Source data:
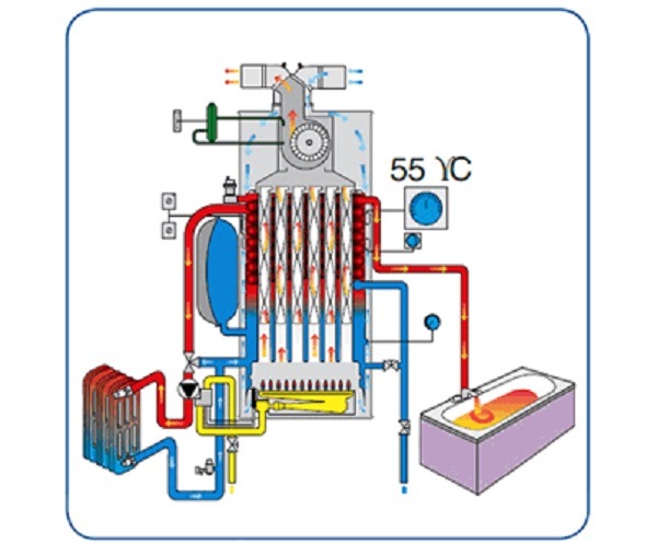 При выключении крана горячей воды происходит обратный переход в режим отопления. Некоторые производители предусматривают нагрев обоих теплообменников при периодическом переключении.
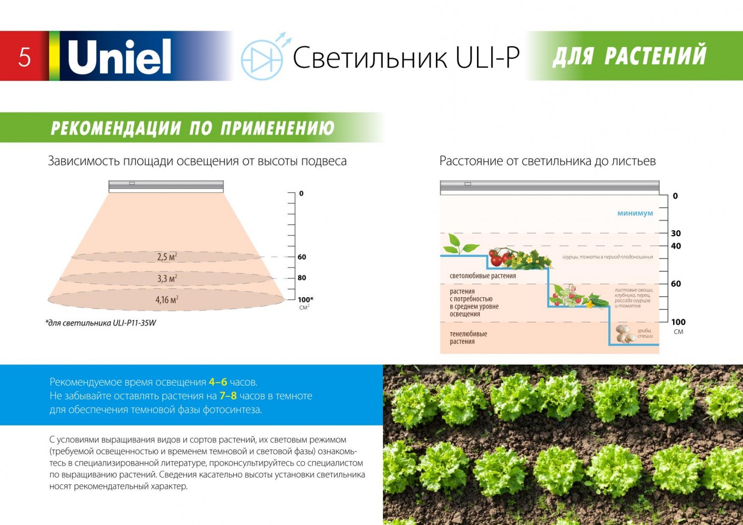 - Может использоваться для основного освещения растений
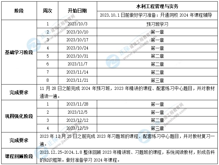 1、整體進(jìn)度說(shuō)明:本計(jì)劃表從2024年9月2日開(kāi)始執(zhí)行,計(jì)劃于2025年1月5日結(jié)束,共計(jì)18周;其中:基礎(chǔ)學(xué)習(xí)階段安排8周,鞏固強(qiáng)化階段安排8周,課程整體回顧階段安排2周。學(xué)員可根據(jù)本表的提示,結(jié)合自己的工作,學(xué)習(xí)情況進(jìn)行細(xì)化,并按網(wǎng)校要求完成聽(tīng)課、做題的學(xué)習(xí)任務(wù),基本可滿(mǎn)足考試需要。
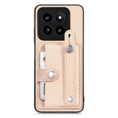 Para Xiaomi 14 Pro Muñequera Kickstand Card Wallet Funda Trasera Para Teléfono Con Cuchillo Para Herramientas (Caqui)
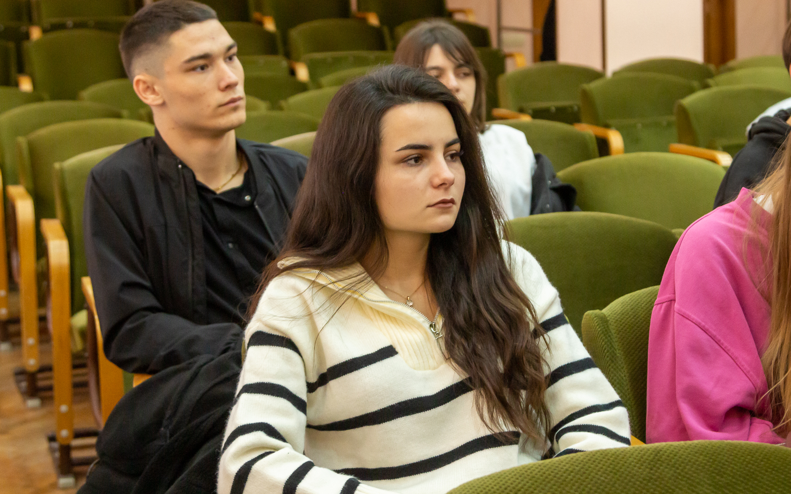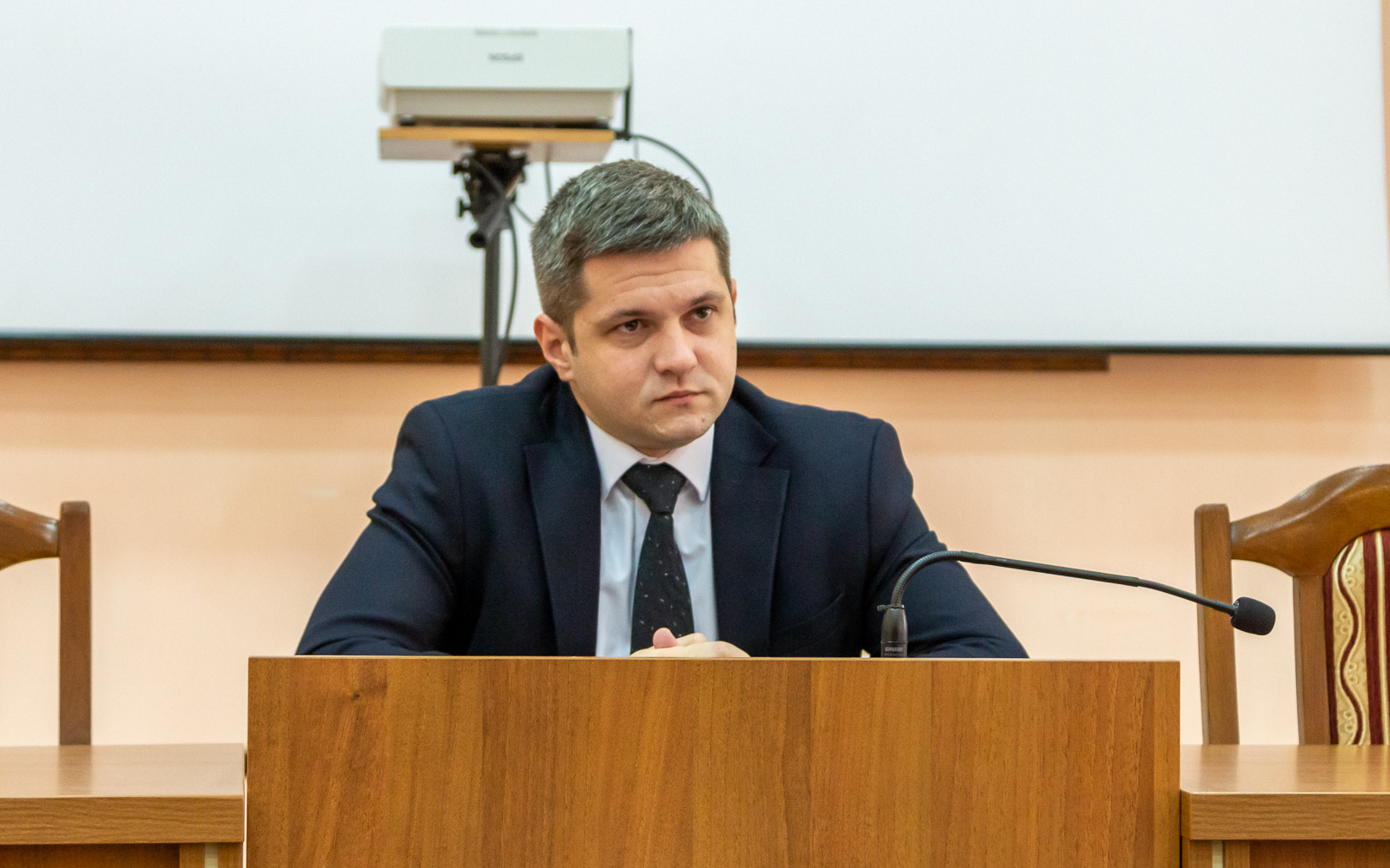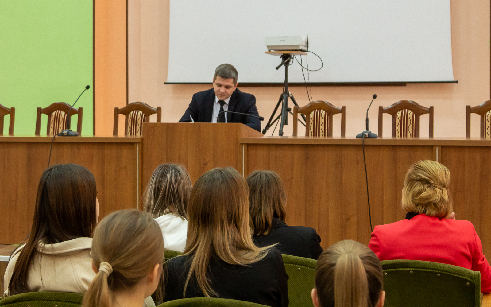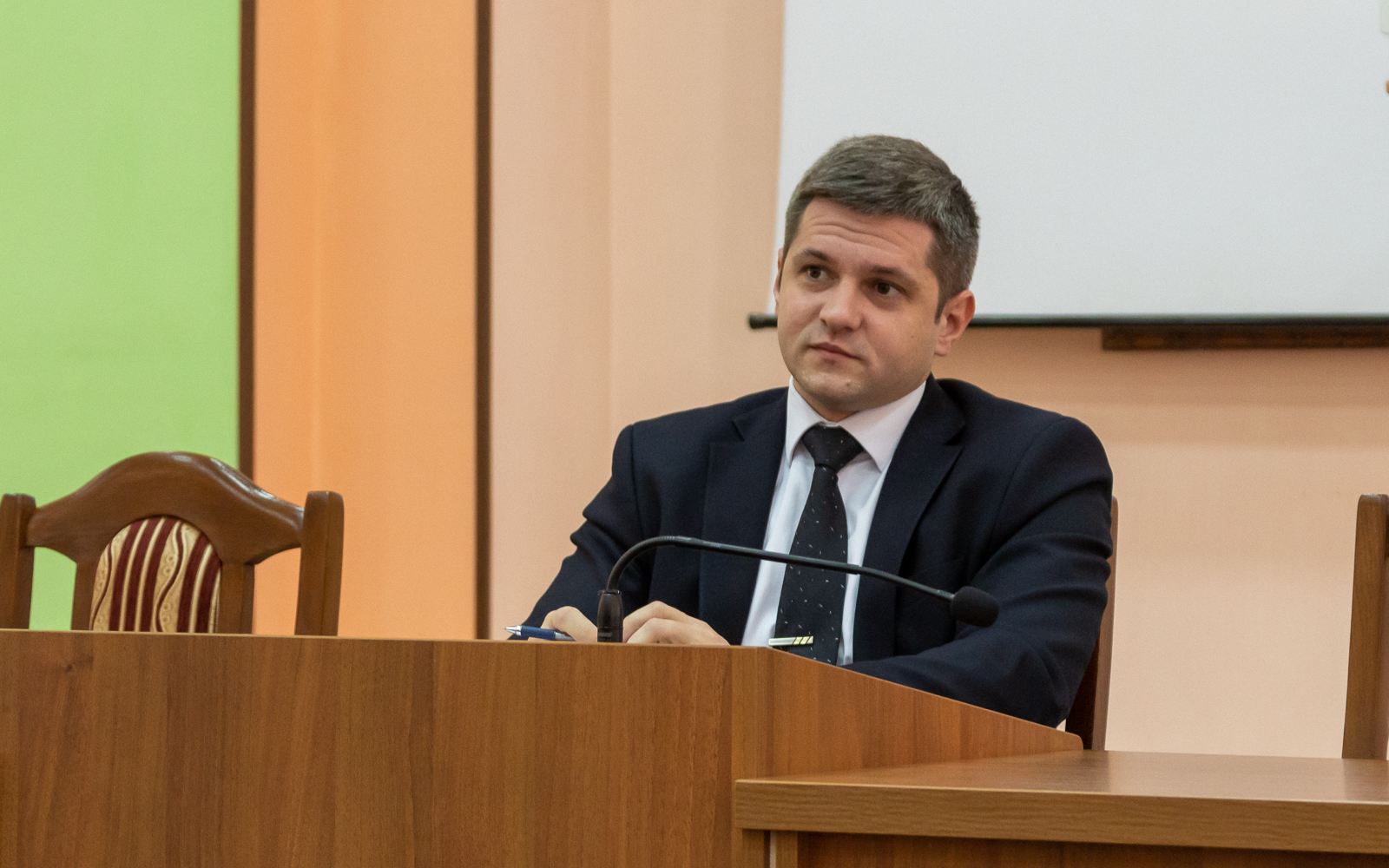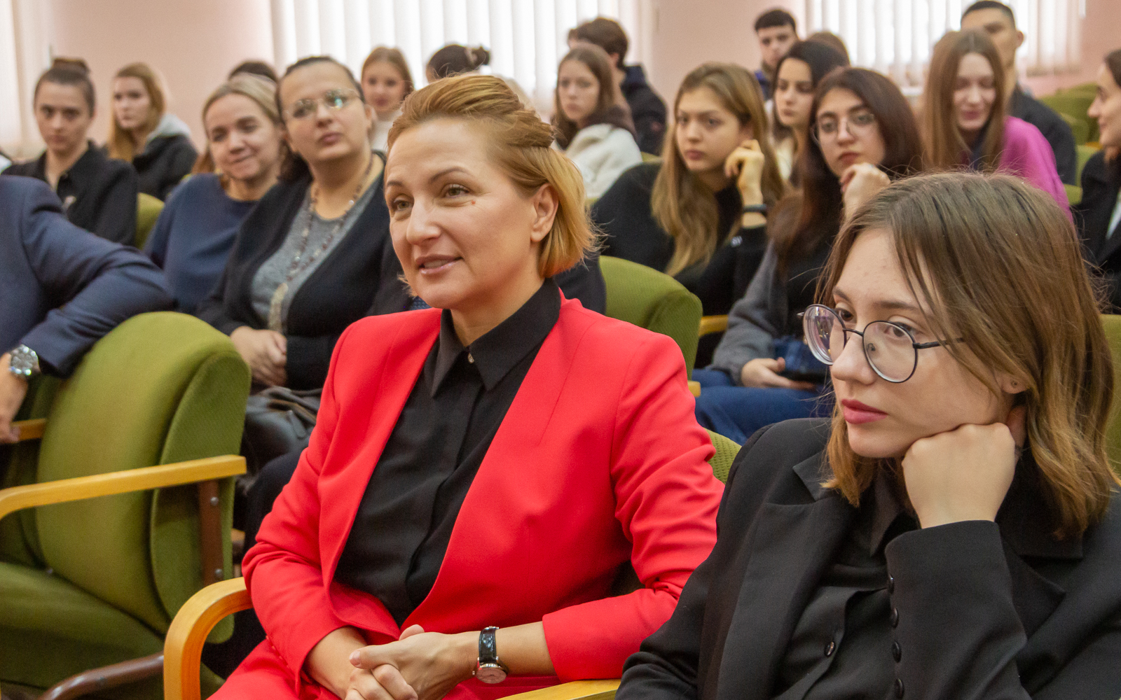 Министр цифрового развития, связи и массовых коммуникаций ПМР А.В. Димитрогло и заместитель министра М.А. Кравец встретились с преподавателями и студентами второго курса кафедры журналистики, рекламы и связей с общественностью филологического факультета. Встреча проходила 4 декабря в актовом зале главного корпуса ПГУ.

- WHAT IS BEING ASKED -
Only the entries themselves should be output, word for word, with all pictures omitted.

- SOLUTION TO THIS EXERCISE -
 При выключении крана горячей воды происходит обратный переход в режим отопления. Некоторые производители предусматривают нагрев обоих теплообменников при периодическом переключении.
 - Может использоваться для основного освещения растений
 1、整體進(jìn)度說(shuō)明:本計(jì)劃表從2024年9月2日開(kāi)始執(zhí)行,計(jì)劃于2025年1月5日結(jié)束,共計(jì)18周;其中:基礎(chǔ)學(xué)習(xí)階段安排8周,鞏固強(qiáng)化階段安排8周,課程整體回顧階段安排2周。學(xué)員可根據(jù)本表的提示,結(jié)合自己的工作,學(xué)習(xí)情況進(jìn)行細(xì)化,并按網(wǎng)校要求完成聽(tīng)課、做題的學(xué)習(xí)任務(wù),基本可滿(mǎn)足考試需要。
 Para Xiaomi 14 Pro Muñequera Kickstand Card Wallet Funda Trasera Para Teléfono Con Cuchillo Para Herramientas (Caqui)
 Министр цифрового развития, связи и массовых коммуникаций ПМР А.В. Димитрогло и заместитель министра М.А. Кравец встретились с преподавателями и студентами второго курса кафедры журналистики, рекламы и связей с общественностью филологического факультета. Встреча проходила 4 декабря в актовом зале главного корпуса ПГУ.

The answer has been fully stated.